Bradford, J., & Perrin, D. (2019). A benchmark of computational CRISPR-Cas9 guide design methods. PLoS computational biology, 15(8), e1007274.

Bradford, J., & Perrin, D. (2019). Improving CRISPR guide design with consensus approaches. BMC genomics, 20(9), 931.

Chari, R., Yeo, N. C., Chavez, A., & Church, G. M. (2017). sgRNA Scorer 2.0: a species-independent model to predict CRISPR/Cas9 activity. ACS synthetic biology, 6(5), 902-904.

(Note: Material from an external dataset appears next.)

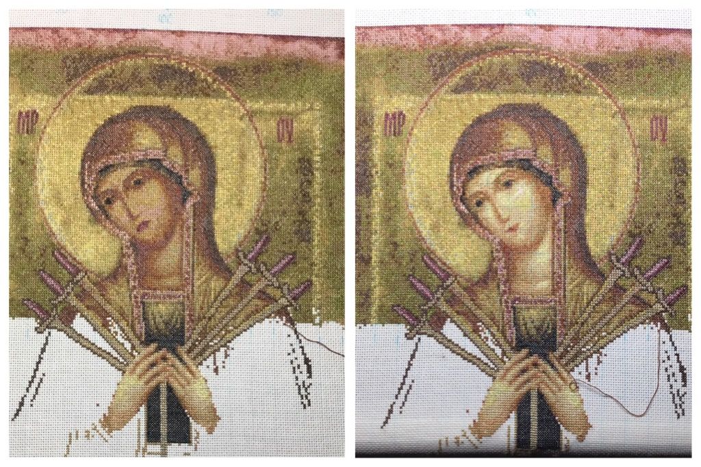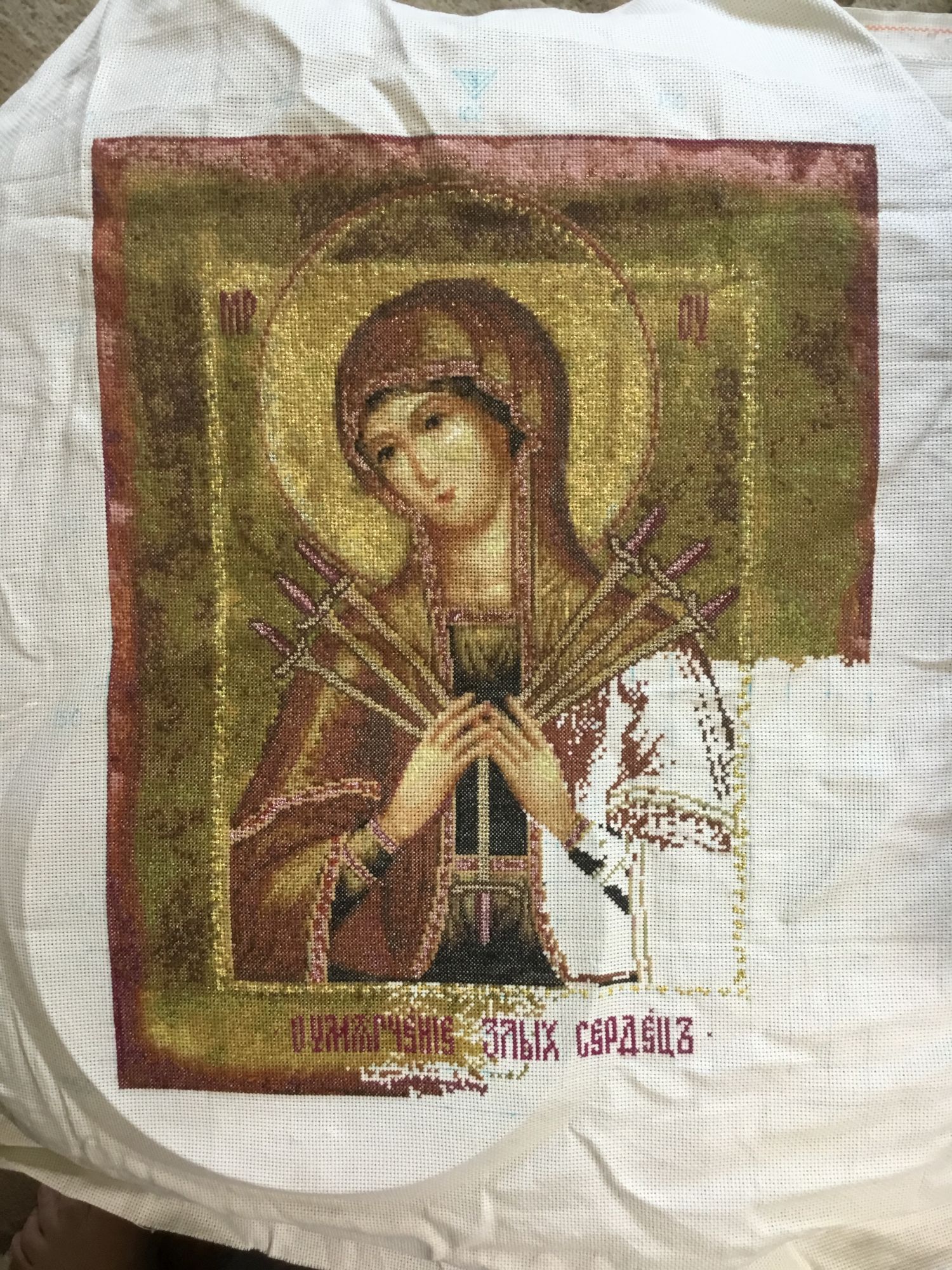 3 июля 2022 Здравствуйте. Сейчас не получается часто заходить на сайт, но сейчас я закончила свою работу и может быть кому-то будет интересно ее увидеть. Семистрельная икона Божией матери - о смягчении гнева, обид и недопущении войны, о примирении всех враждующих….. Размер схемы 200*250, нитки ДМС 56 оттенков. Вышито на 20 каунте в одну ниточку. Вышивала с 3 марта по 1 июля с перерывам в один месяц…. Примерная картинка, с которой делалась схема Процесс вышивки Здесь смена оттенков лица и рук и результат на 20 каунте работа получилась не большая всего 25*31 см, но по количеству крестиков заняла много времени….. Спасибо, что посмотрели Всем добра и мира …. Gala83, 19199707770, musya и 22 других сказали спасибо Поделиться сообщением Ссылка на сообщение

Lorenz, R., Bernhart, S. H., Zu Siederdissen, C. H., Tafer, H., Flamm, C., Stadler, P. F., & Hofacker, I. L. (2011). ViennaRNA Package 2.0. *Algorithms for molecular biology*, *6*(1), 1-14.

Montague, T. G., Cruz, J. M., Gagnon, J. A., Church, G. M., & Valen, E. (2014). CHOPCHOP: a CRISPR/Cas9 and TALEN web tool for genome editing. Nucleic acids research, 42(W1), W401-W407.

Sunagawa, G. A., Sumiyama, K., Ukai-Tadenuma, M., Perrin, D., Fujishima, H., Ukai, H., ... & Shimizu, Y. (2016). Mammalian reverse genetics without crossing reveals Nr3a as a short-sleeper gene. Cell reports, 14(3), 662-677.